In the second stage, the adapted PFMs are combined using an ensemble learning approach. The researchers selected three prominent PFMs—UNI, Virchow, and Virchow2—known for their strong performance in pathology tasks. Each of these models has been pre-trained on different histopathology datasets, leading to diverse feature extraction capabilities. By ensembling their predictions, the framework integrates these complementary insights into a unified, more accurate classification decision.
Also Read:
- Enhancing Mitosis Detection in Digital Pathology with a Hybrid AI Approach
- Adaptive AI Strategies Advance Atypical Mitosis Classification in Pathology
Key Findings and Impact
The research included an ablation study to evaluate the effectiveness of fisheye and FDA augmentations. It was found that fisheye augmentation alone yielded the highest balanced accuracy for the UNI model, while the combination of both also performed well. More significantly, the ensemble of all three PFMs (UNI + Virchow + Virchow2) demonstrated a substantial improvement in balanced accuracy, increasing it by approximately 5% compared to the best single model (Virchow2).
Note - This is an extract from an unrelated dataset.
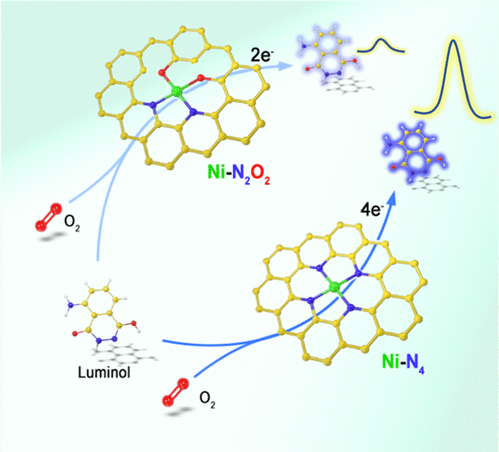 图1. Ni SACs活性中心不同配位结构对氧气活化路径的选择性及ECL性能影响。图片来源:Anal. Chem.

The submitted ensemble models for the Preliminary Evaluation Phase showed promising results. While the combination of fisheye and FDA achieved a higher overall balanced accuracy, the fisheye-only model exhibited more stable performance across different domains, highlighting the importance of understanding how augmentations affect generalization.
This framework represents a significant step forward in automated histopathological image analysis. By leveraging the power of foundation models and advanced augmentation and ensemble techniques, it offers a reliable method for classifying atypical mitoses. This has the potential to reduce the workload on pathologists and improve the consistency and accuracy of tumor evaluation in clinical practice.